How to sleep in minutes?

10 Magical Ways to Get Sleep: Here we will discuss with you the ten best home remedies, by following which you can get good restful sleep, and believe me, it is not difficult at all.

1. Yoga and Meditation could be your Best Friend: Yoga and pranayama are the true companions of our health. Yoga, asanas, meditation are various ways to relieve your discomfort and stress. Delay in the onset of sleep and lack of sleep are directly linked to anxiety and stress. After thinking about how the last day was, how tomorrow will be spent, we become the enemy of our own sleep. Don't waste your present by thinking about the past and the future. Whatever is going to happen, nothing will change from your or anyone's thinking. Yes, one thing can change, your health can get worse. Being stressed at bedtime can have a negative effect on your bedtime. Practicing meditation and pranayama will free you from anxiety and allow you to focus more on other important things. Yoga can help calm your mind. My advice is to practice pranayama on a regular basis with anti-anomalous words, which is the cure for all my mother's problems. This is really effective, so you should try it. In this pranayama, you inhale from your left nostril while covering your right nostril with your right thumb, then you cover your left nostril with your right index finger and hold the breath for a while, then inhale through the right nostril. Leave slowly. Repeat this process alternately with both nostrils. Continue this cycle for 2-3 minutes. It is considered to be the best pranayama for reducing stress, anxiety and stress.

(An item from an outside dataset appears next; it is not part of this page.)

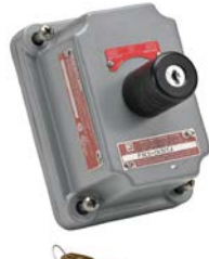
Key-Operated Selector Switch

2. Military technology: Author Sharon Ackerman is a U.S. citizen. Wrote an article on military methods developed by the Navy Pre-Flight School, explaining how pilots fall asleep in adverse conditions. It took pilots six weeks to study the technique, after which 100 percent of them got into the habit of falling asleep in two minutes or less. In this practice one has to sit in one place; If you have a comfortable bed, this is great! If not, the pilots were trained to sit upright during training. You do the same. Start by relaxing your face, including the muscles inside your mouth. Take slow deep breaths. To relieve stress, go from your shoulders to your hands. While breathing out, relax your chest. Rest your legs, thighs and calf. Feel with each breath, that you are getting a lot of rest. Don't think of anything else. Free your mind for 10 seconds. If you're having trouble doing this, check out some casual pictures; Like your comfortable bed or a small boat floating in a lake, just focus on that picture in your mind for 10 seconds. If you still feel your mind wandering, repeat it in your mind for the next 10 seconds - ‘think no more’. Do the same thing again. Soon you will start to feel sleepy. Now take a good and slow breath and put yourself to sleep.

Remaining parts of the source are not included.